■ Data below ■
※ ※ ※

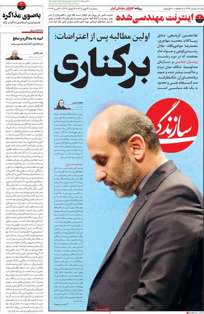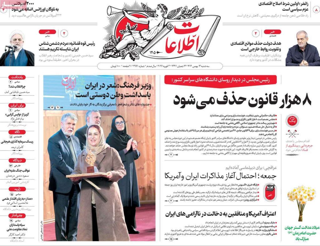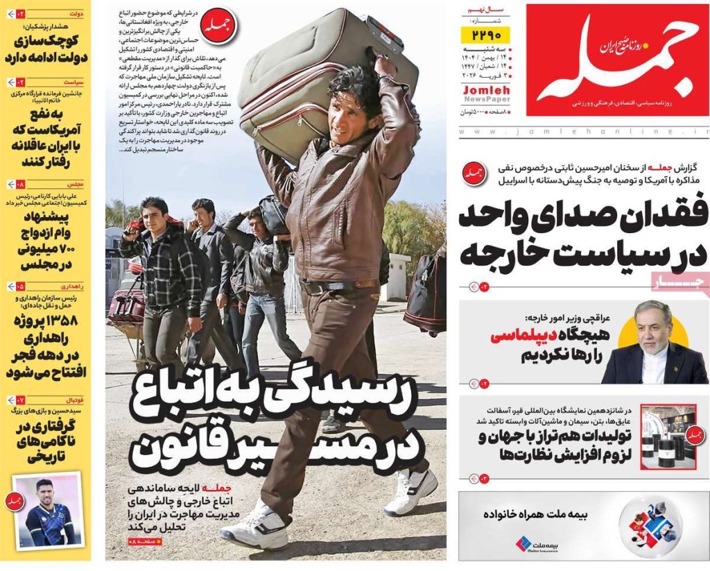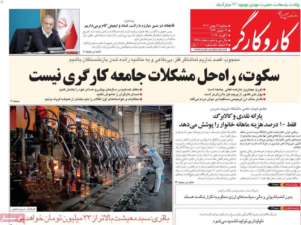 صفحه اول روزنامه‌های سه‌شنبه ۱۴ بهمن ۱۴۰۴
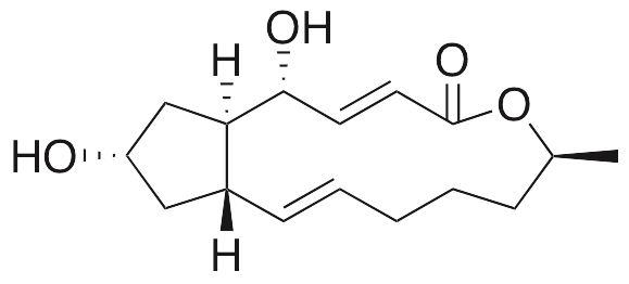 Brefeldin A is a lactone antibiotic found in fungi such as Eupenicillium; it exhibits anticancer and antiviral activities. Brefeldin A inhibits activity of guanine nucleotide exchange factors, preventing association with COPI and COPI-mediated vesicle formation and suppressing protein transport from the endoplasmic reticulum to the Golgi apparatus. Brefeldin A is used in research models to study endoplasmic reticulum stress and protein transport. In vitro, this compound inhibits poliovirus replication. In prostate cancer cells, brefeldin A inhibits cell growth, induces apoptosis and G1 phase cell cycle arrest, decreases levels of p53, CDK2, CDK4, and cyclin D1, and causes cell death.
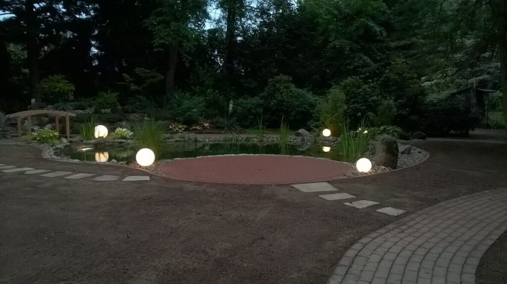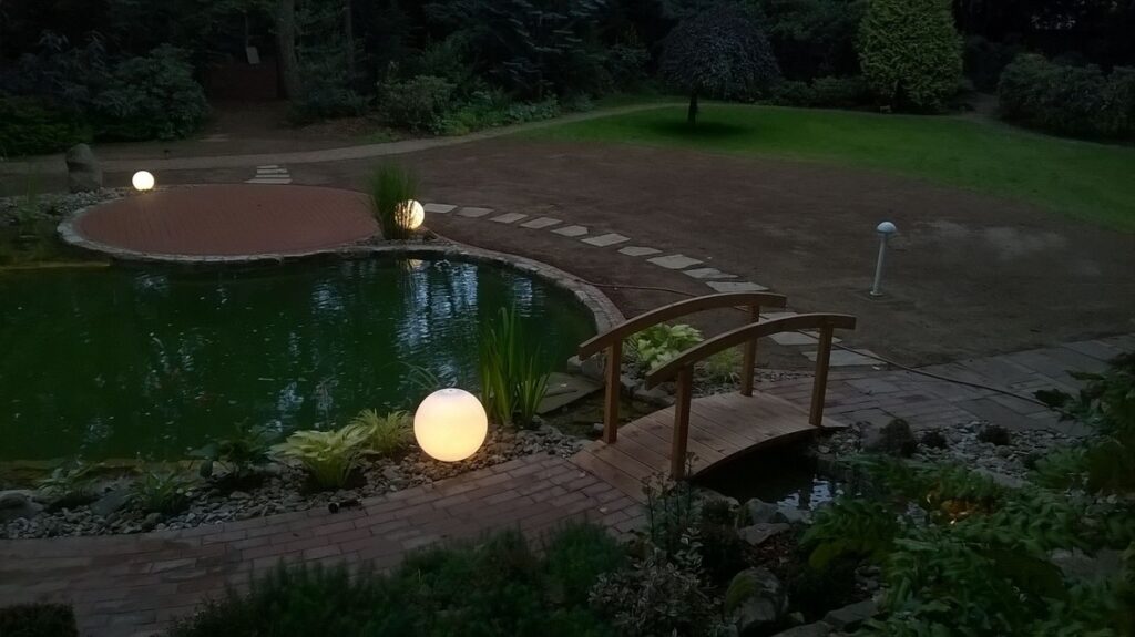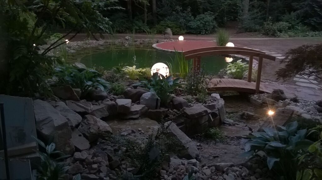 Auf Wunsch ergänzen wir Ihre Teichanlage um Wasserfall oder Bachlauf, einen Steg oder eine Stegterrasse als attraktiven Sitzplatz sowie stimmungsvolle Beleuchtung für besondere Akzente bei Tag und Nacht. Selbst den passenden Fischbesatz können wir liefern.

※ ※ ※

■ Task ■
Apart from the pictures, all of the data should be repeated exactly.

■ Expected answer ■
 صفحه اول روزنامه‌های سه‌شنبه ۱۴ بهمن ۱۴۰۴
 Brefeldin A is a lactone antibiotic found in fungi such as Eupenicillium; it exhibits anticancer and antiviral activities. Brefeldin A inhibits activity of guanine nucleotide exchange factors, preventing association with COPI and COPI-mediated vesicle formation and suppressing protein transport from the endoplasmic reticulum to the Golgi apparatus. Brefeldin A is used in research models to study endoplasmic reticulum stress and protein transport. In vitro, this compound inhibits poliovirus replication. In prostate cancer cells, brefeldin A inhibits cell growth, induces apoptosis and G1 phase cell cycle arrest, decreases levels of p53, CDK2, CDK4, and cyclin D1, and causes cell death.
 Auf Wunsch ergänzen wir Ihre Teichanlage um Wasserfall oder Bachlauf, einen Steg oder eine Stegterrasse als attraktiven Sitzplatz sowie stimmungsvolle Beleuchtung für besondere Akzente bei Tag und Nacht. Selbst den passenden Fischbesatz können wir liefern.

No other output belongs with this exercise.